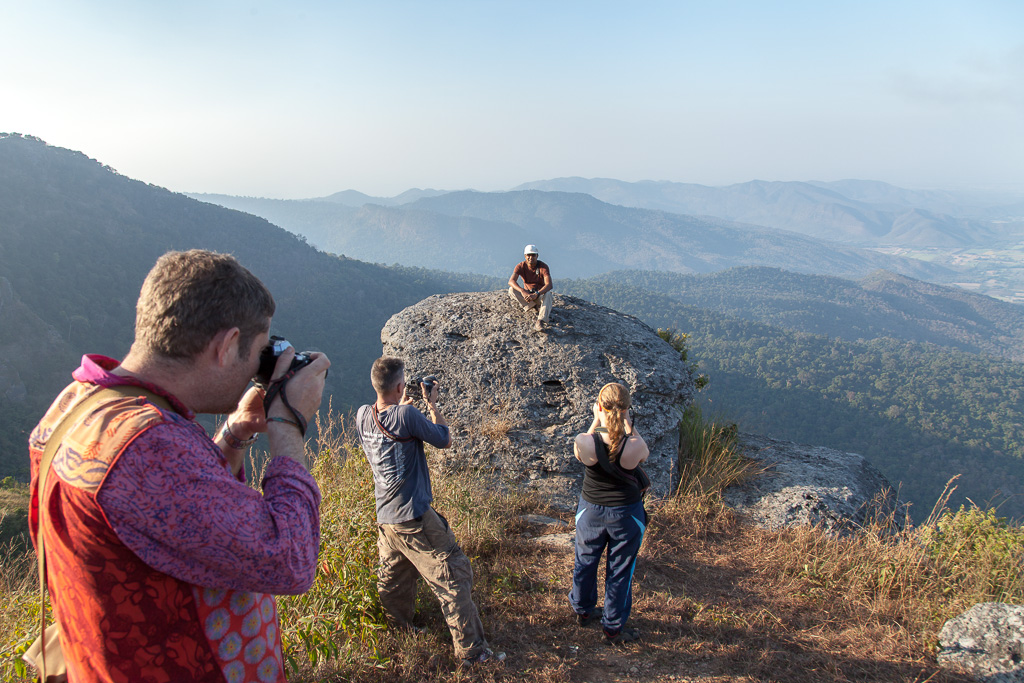 C'est notre ami Andreas Minge, un allemand installé en Thaïlande depuis près de 20 ans, qui nous a organisé la sortie. Vous pouvez aller voir le site internet de ses expéditions photographiques en Thaïlande. Ses photos, comme toujours, sont spectaculaires mais vous devrez maîtriser l'allemand pour comprendre le texte. Nous avons passé un merveilleux deux jours à grimper (l'ascension était ardue), photographier et redescendre. Nous avons passé la nuit au sommet, en camping rudimentaire dans un espace organisé par le parc. J'étais surpris de voir des thaïlandais en camping, je ne croyais pas ça possible mais oui, l'endroit était plein de jeunes thaïs, guitare à la main, comme chez nous l'été!
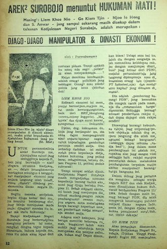 Untuk pertama kalinya arek2 Suroboyo menyampaikan salut yang setinggi-tingginya kepada pihak berwajib terutama kejaksaan dalam ketangkasannya meringkus 4 benggolan (Liem Khoe Nio – Go Kiem Tjin – Njoo Le Hong) manipulator ekonomi sekaligus yang secara langsung telah mendirikan dinasti di bidang perekonomian yang hanya dituntut hukuman pidana sedangkan masyarakat menginginkan hukuman mati.
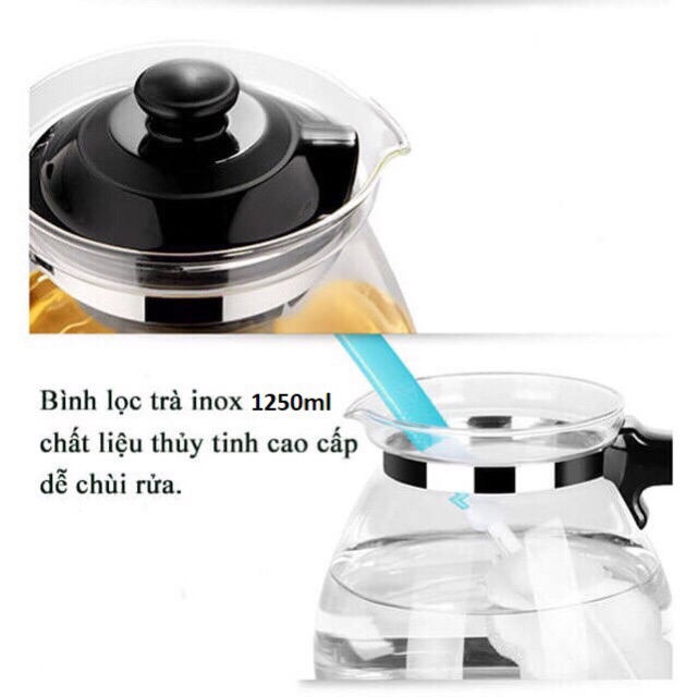 - Chất liệu :Bình trà thủy tinh chịu nhiệt độ cao . Lưới lọc trà bằng inox 304 cao cấp chống gỉ sét .
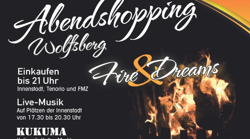 Am 3. November findet von 17 bis 21 Uhr das Abendshopping „Fire & Dreams“ in Wolfsberg statt. Hierbei ist für besondere Atmosphäre gesorgt: Statt der gewohnten Straßenbeleuchtung wird es Feuerkörbe geben, die die Wolfsberger Innenstadt erleuchten. Der Verkehr ist in dieser Zeit gestoppt, von 17:30 Uhr bis 20:30 Uhr werden die Besucher mit Live-Musik unterhalten.
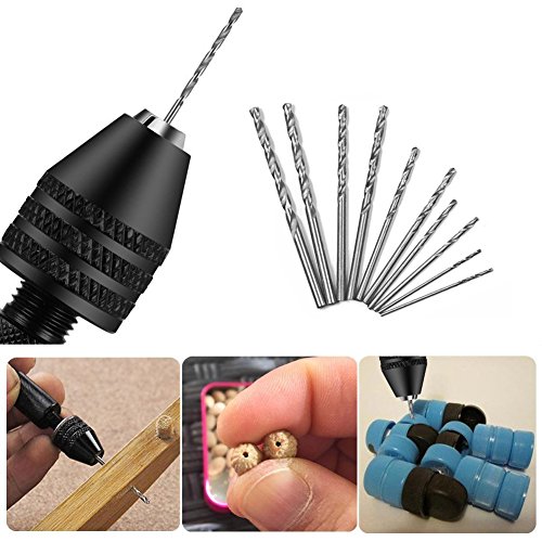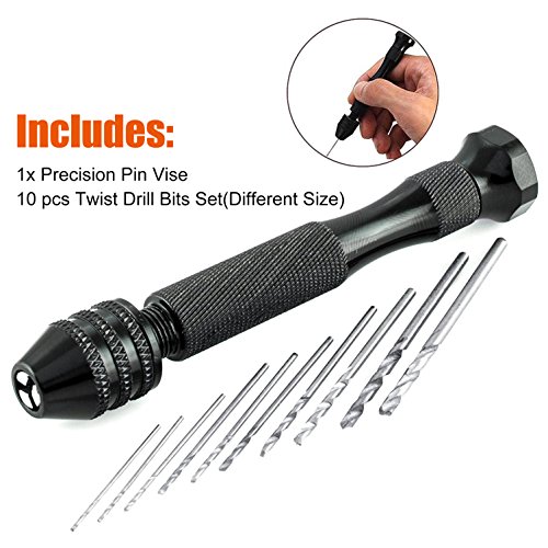 Pin Vise - Small Hand Drill with Mini Micro Twist Drill Bits Set of 11,for Models Hobby and Jewelry
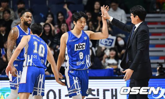 부산 KCC 윤기찬이 득점과 추가 자유투를 얻고 이규섭 코치와 하이파이브를 하고 있다. 2025.12.26 / foto0307@osen.co.kr
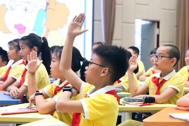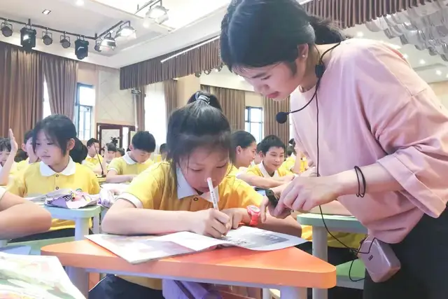 师生之间配合默契,在整节课中,孩子们脸上始终洋溢着自信的微笑。
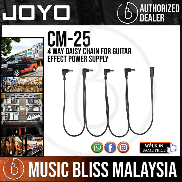JOYO’s CM25 daisy chain cables can be used to supply power to more than one guitar effect pedal, removes the need for 4 x 9v power supplies using the same polarity. All the plugs of these series have undergone pure copper electroplating treatment and the core of the power cable is a pure copper conductor and will fit most guitar effect pedals requiring a 5.5mm jack.
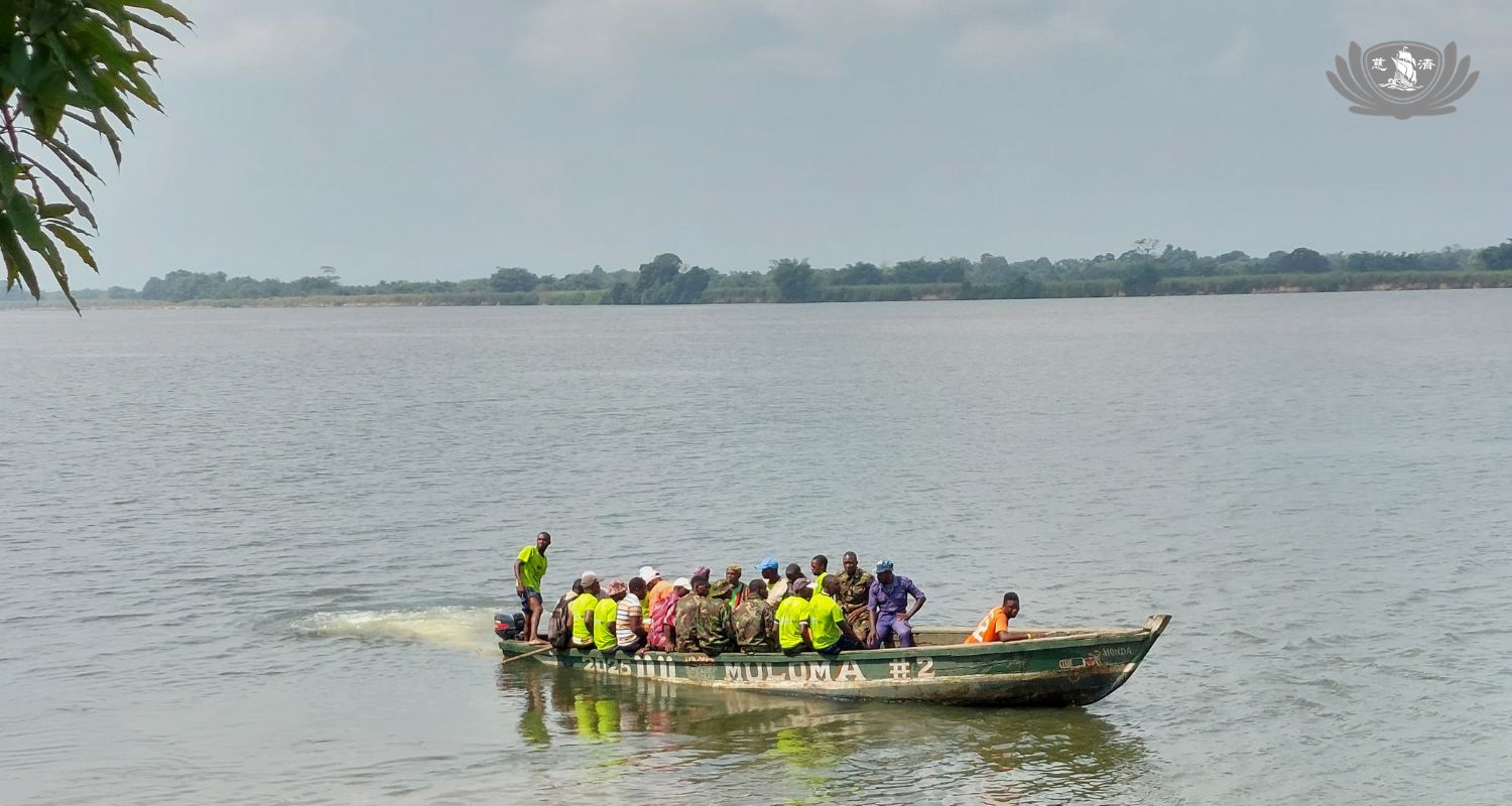 團隊再次來到登船的淺灘,準備渡河回到村莊。因居民也陸續搭船返家,酋長雖極力控制人數請大家搭乘下一班船,但居民一窩蜂擠上小船,造成船身大幅搖晃。慈濟團隊成員皆感不安,陳思擔師兄此時以緩和的語氣說,若真的落水請不要緊張,頭上仰讓身體自然浮起來。褚于嘉師姊則突然從包包中翻出兩個夾鏈袋,讓眾人將護照和手機放進去以防濕掉。所幸船夫駕駛穩當,平穩開至對岸,未有過多晃動。
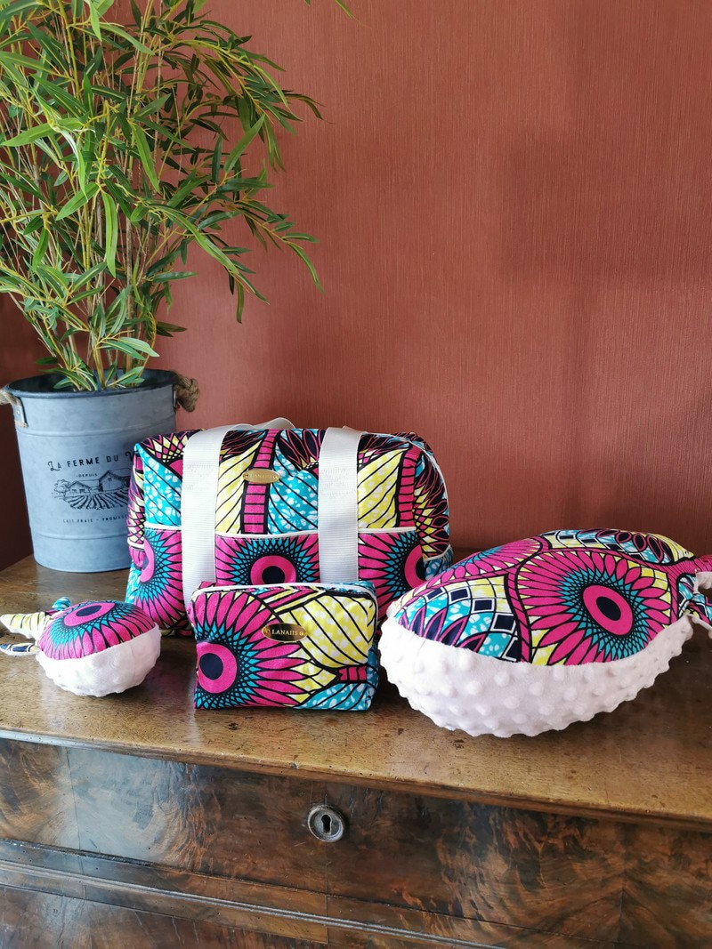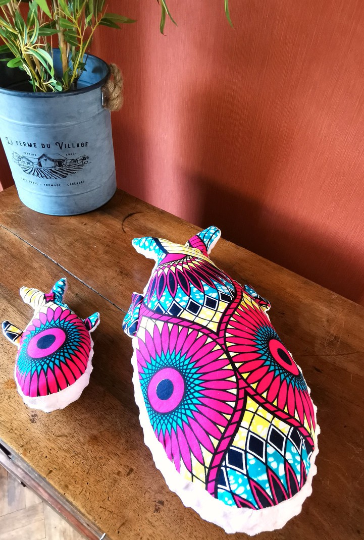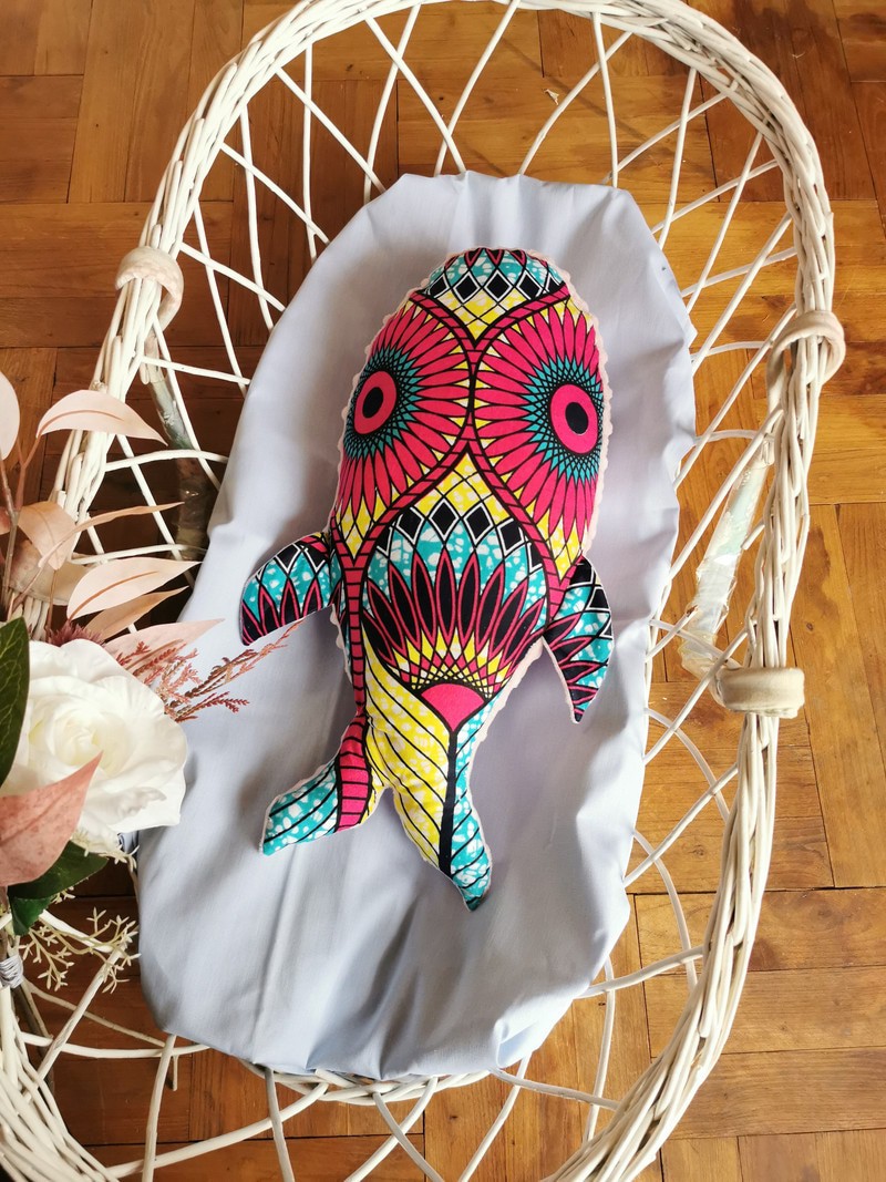 Notre baleine a été imaginée comme un vrai petit compagnon de tendresse pour les tout-petits. Cousue entièrement à la main, elle allie tissu wax coloré et matière ultra-douce minky, pour éveiller bébé au toucher, aux formes, et à sa culture.
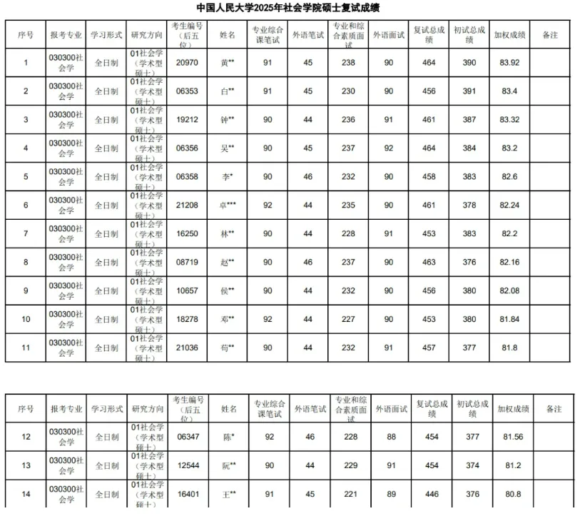 2026中国人民大学社会学、社会政策、人口学、老年学、人类学考研初试已经结束。让我先回顾一下2025年这五个专业的招生情况吧~2025年社会学、人类学、人口学和老年学四个专业同卷,均为学术型硕士,初试考察社会理论和社会研究方法,其中社会学和人类学专业属于社会学院,人口学和老年学属于人口与健康学院。社会政策是专业型硕士,初试考察社会研究方法和社会政策原理,公共课考察英语二。2025年人口学、老年学专业复试分数线340分。人口学复试5人,录取3人;老年学4人进面全部录取,最低分340多分。2025年社会学、人类学专业复试分数线365分。社会学专业复试26进14人,少干2人,人类学4进3人。以下是社会学和人类学的拟录取名单。2025年7月11日,中国人民大学社会学院发布了一则公告,社会政策专业硕士的第四科目考试改为“845社会理论”。这也意味着社会学、社会政策、人口学、老年学、人类学五个专业初试同卷+合卷。我们的人大社会学考研全程班也紧跟这一考情变化,考虑到初试题目为选做模式,为人大全程班学员提供了人大社会政策考研真题和社会政策专业笔记,积极应对考情变化。目前针对2027年备考人大社会学的同学,我们也准备了独家原创全套资料包,2027新版本的资料包增加了2024年和2025年的考研真题答案、社会政策专业笔记,并大幅度更新了各科笔记。2026年中国人民大学社会学(社会政策)考研真题依旧延续选做模式,必做的题量不变、分值不变,但题目数量更多、可选做范围更广。资料为预售形式!全部资料将分批次寄出,最早3月22日寄出,最晚批次将不超过8月1日。资料更新完毕后,我们将同步更新资料截图至公众号!
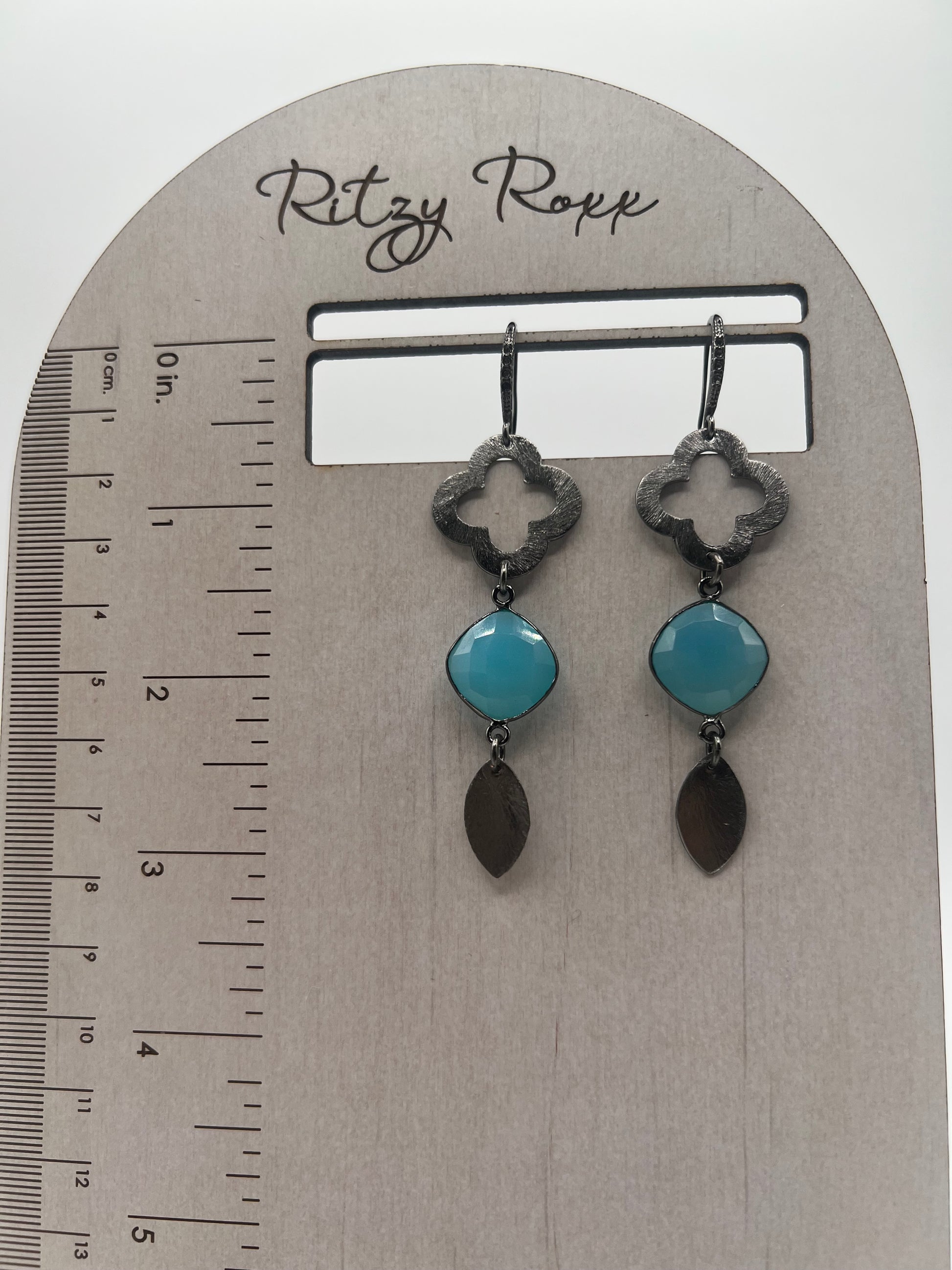 Gemstone Earring- These Earrings are made with a Beautiful Bezel Set Marquise Cut Chalcedony Stone accented with Gunmetal Clover and Marquise Shaped Charms. Any Ritzy Roxx Earring can be made with wires or posts upon request at no extra charge. There is a $5 up charge for pave huggies. Most pieces are available in gold or silver. Just message us with your special request!
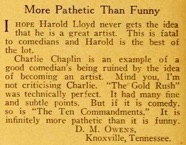 Miss Underhill says the Charlie Chaplin you and

▶ _TASK GOAL_: From the line containing "Gemstone Earring- These" down to the final line of the records above, restate every line word for word, add nothing, and skip the pictures.

▶ _ANSWER TO THIS PROBLEM_:
 Gemstone Earring- These Earrings are made with a Beautiful Bezel Set Marquise Cut Chalcedony Stone accented with Gunmetal Clover and Marquise Shaped Charms. Any Ritzy Roxx Earring can be made with wires or posts upon request at no extra charge. There is a $5 up charge for pave huggies. Most pieces are available in gold or silver. Just message us with your special request!
 Miss Underhill says the Charlie Chaplin you and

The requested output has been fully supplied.